===== SOURCE MATERIAL =====

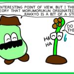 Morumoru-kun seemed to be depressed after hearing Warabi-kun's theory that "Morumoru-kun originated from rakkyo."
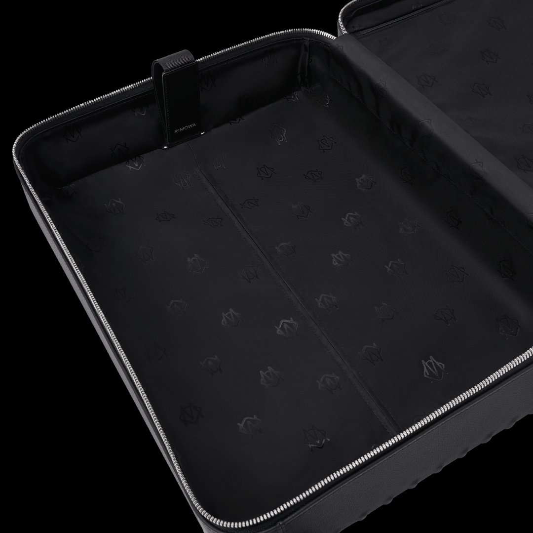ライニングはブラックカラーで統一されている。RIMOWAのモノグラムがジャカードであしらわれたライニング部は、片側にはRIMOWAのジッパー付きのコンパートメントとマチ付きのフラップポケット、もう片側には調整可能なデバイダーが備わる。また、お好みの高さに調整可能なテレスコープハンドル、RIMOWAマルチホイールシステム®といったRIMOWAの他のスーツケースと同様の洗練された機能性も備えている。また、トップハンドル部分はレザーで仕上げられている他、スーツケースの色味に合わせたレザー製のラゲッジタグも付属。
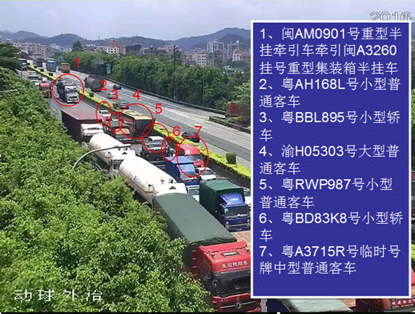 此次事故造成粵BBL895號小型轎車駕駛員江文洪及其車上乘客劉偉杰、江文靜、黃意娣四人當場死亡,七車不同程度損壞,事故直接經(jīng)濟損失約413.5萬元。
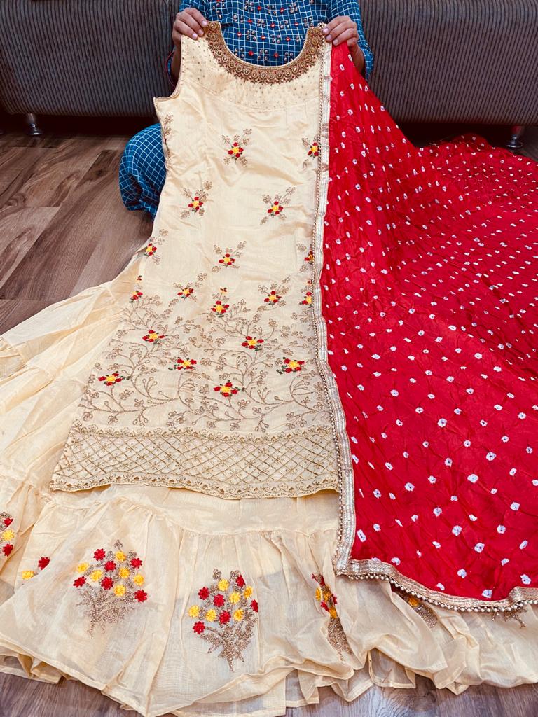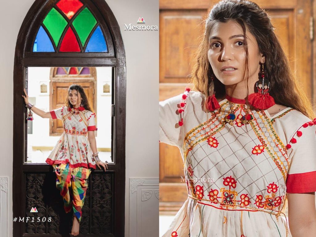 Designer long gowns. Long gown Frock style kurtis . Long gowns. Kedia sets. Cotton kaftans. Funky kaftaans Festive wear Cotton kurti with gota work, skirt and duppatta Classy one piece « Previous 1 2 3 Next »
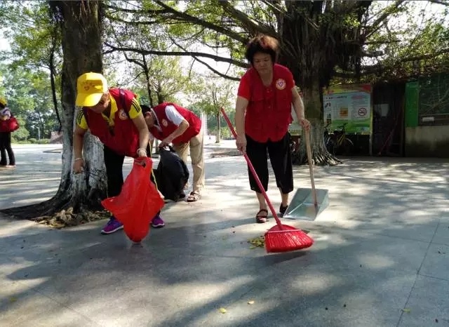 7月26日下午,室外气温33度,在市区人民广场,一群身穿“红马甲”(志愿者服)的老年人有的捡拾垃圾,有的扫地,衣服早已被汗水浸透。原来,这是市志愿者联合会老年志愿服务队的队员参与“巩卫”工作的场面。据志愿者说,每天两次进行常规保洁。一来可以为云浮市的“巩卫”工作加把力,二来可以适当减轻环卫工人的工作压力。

=====
===== SOURCE MATERIAL =====

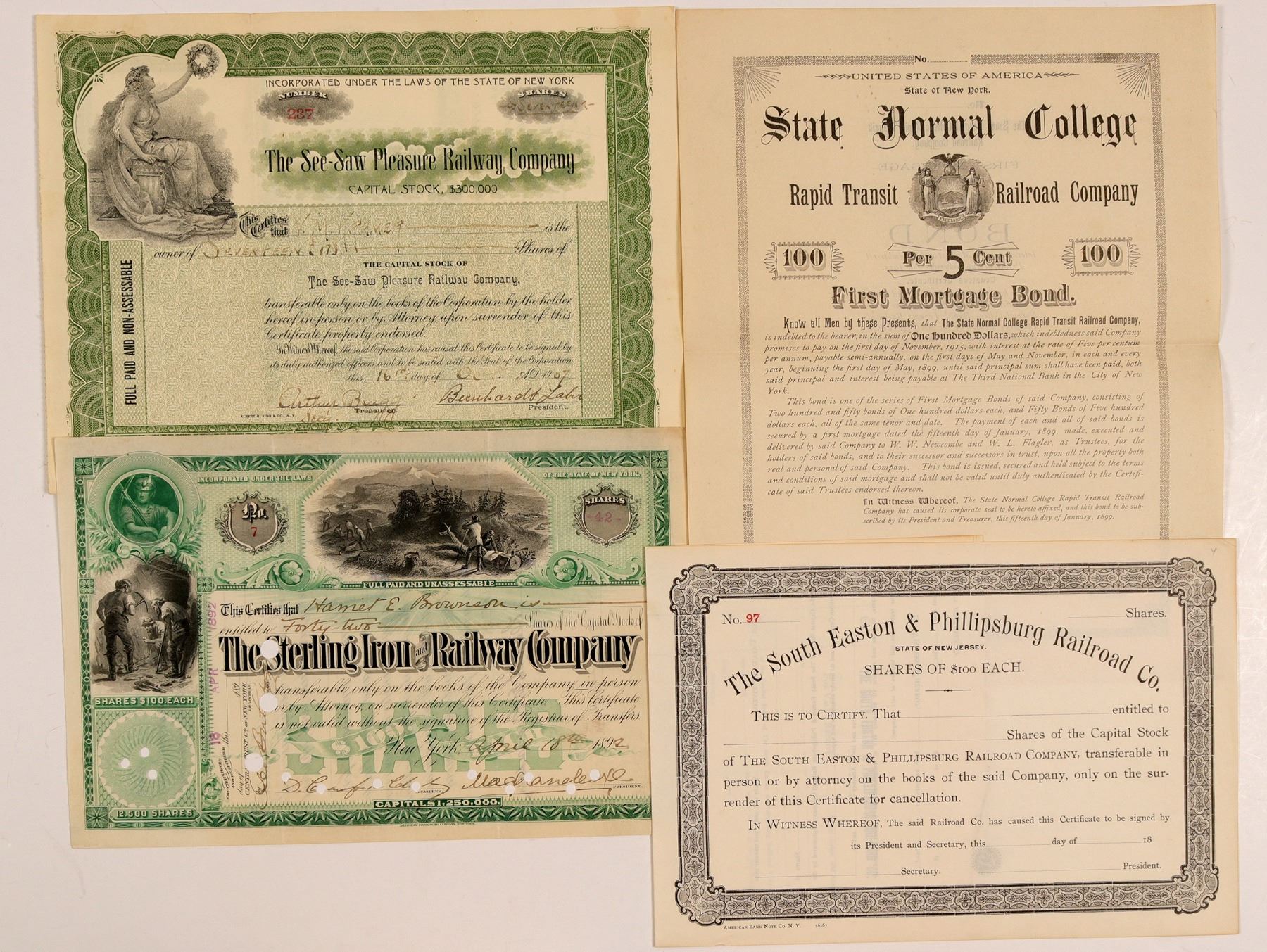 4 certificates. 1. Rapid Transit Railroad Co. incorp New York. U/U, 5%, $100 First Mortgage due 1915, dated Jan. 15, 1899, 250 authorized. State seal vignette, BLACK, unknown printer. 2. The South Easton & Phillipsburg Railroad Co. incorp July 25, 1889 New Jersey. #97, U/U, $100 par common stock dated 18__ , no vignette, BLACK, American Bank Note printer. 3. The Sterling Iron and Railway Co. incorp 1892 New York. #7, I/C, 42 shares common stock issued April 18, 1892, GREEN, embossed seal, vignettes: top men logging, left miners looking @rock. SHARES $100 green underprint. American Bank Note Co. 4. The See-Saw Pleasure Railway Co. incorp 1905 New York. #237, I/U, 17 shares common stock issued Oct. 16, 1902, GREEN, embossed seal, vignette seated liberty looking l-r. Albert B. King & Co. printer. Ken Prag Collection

=====

Output exactly the lines above, from the line with "Designer long gowns." to the line with "7月26日下午,室外气温33", both included; skip the pictures.

**TASK ANSWER**
 Designer long gowns. Long gown Frock style kurtis . Long gowns. Kedia sets. Cotton kaftans. Funky kaftaans Festive wear Cotton kurti with gota work, skirt and duppatta Classy one piece « Previous 1 2 3 Next »
 7月26日下午,室外气温33度,在市区人民广场,一群身穿“红马甲”(志愿者服)的老年人有的捡拾垃圾,有的扫地,衣服早已被汗水浸透。原来,这是市志愿者联合会老年志愿服务队的队员参与“巩卫”工作的场面。据志愿者说,每天两次进行常规保洁。一来可以为云浮市的“巩卫”工作加把力,二来可以适当减轻环卫工人的工作压力。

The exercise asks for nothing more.